Practical applications and real potential
Social media content production is an obvious use case — a small business can train a model on its aesthetic and generate consistently-looking content for Instagram or TikTok. Creating concepts for games or films is another — a team can experiment with character variants without needing to hire additional artists. Product photography and mockups is a third — e-commerce can generate product photos in different settings without hiring a photographer.
But there are also limitations. Custom Models are only as good as the data they're trained on. If you train a model on 20 photos, the result will be poor. Adobe doesn't say how many images are ideal, but the industry standard for custom models is typically hundreds to several thousand. This means artists with small portfolios may struggle.
Additionally, Custom Models still have problems all AI generators have: they can produce strange artifacts, anatomically incorrect characters, or generate something only superficially similar to what you wanted. They're a tool to speed up work, not a replacement for human creative decisions.

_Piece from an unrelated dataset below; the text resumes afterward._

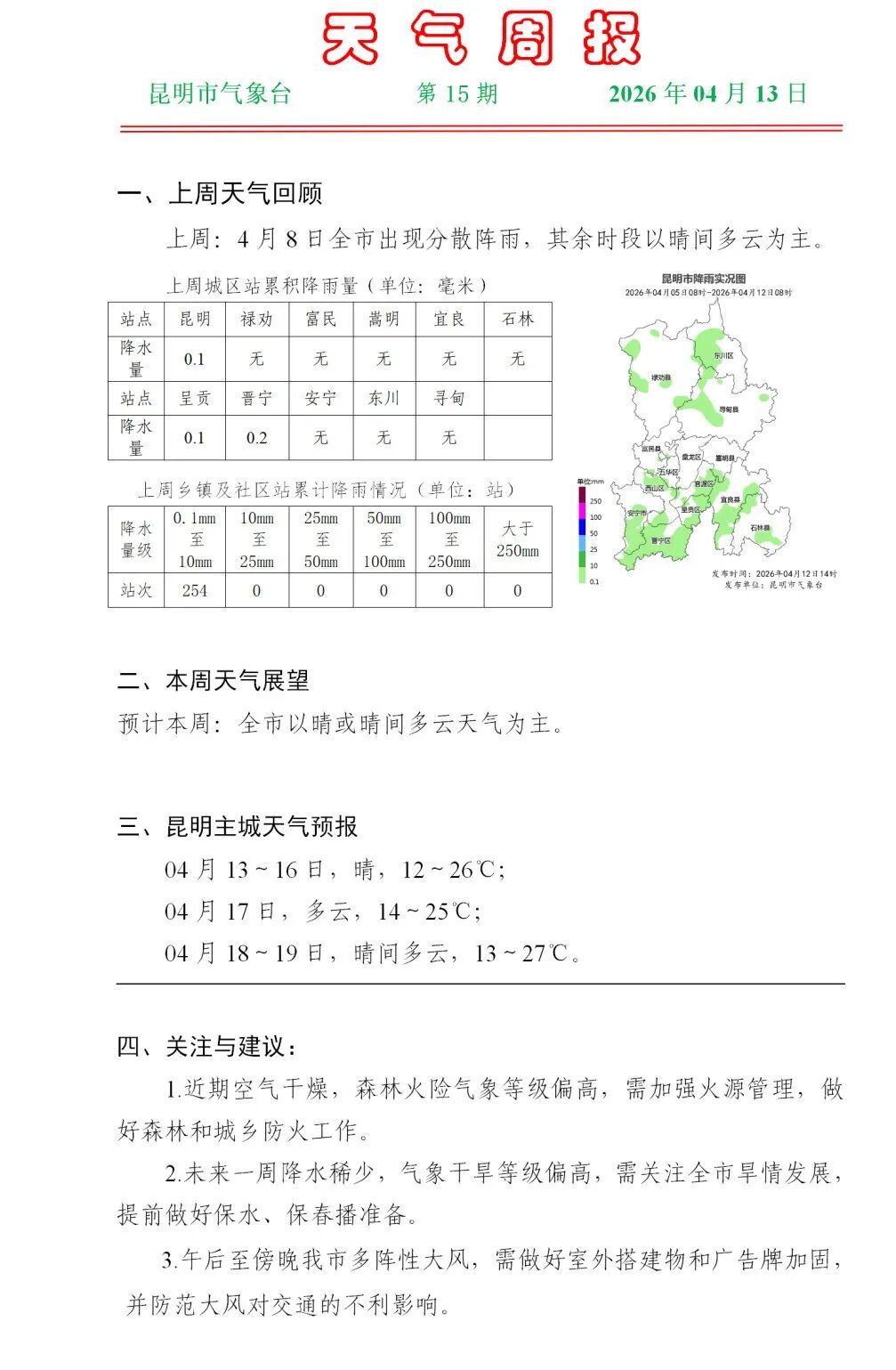 根據昆明市氣象臺發布的天氣周邊

The future of personalization in AI
Firefly Custom Models are a symptom of a larger trend: AI personalization is becoming the norm. In the coming years, we expect every serious AI tool to have an option to train on your own data. OpenAI is doing this with GPT, Anthropic is experimenting with Claude, and every AI startup wants to offer custom models.
The problem is that this personalization creates new ethical and legal challenges. Who is responsible when a Custom Model trained on others' work produces images that infringe copyright? The platform? The user? Both? The law has no clear answer, and tech companies are waiting for courts to decide.
Adobe, with the largest access to creative content in the world (through Adobe Stock, Creative Cloud, and partnerships), is in a unique position to shape how AI personalization will work in the future. If Adobe sets standards — such as requiring copyright verification or blocking training on protected work — others might follow. If not, it could be open season for infringing artists' rights through Custom Models.
Firefly Custom Models is a tool with enormous potential for creators who want to work faster and more efficiently. But it's also a tool that can be abused, and Adobe hasn't done enough to prevent that abuse. For artists and creators interested in this tool, the advice is simple: use it on your own work, but be aware that others may try to use it on your work without your consent. For Adobe, the challenge is to build artist trust while not limiting the tool's potential. It's a tightrope Adobe will have to walk with great caution.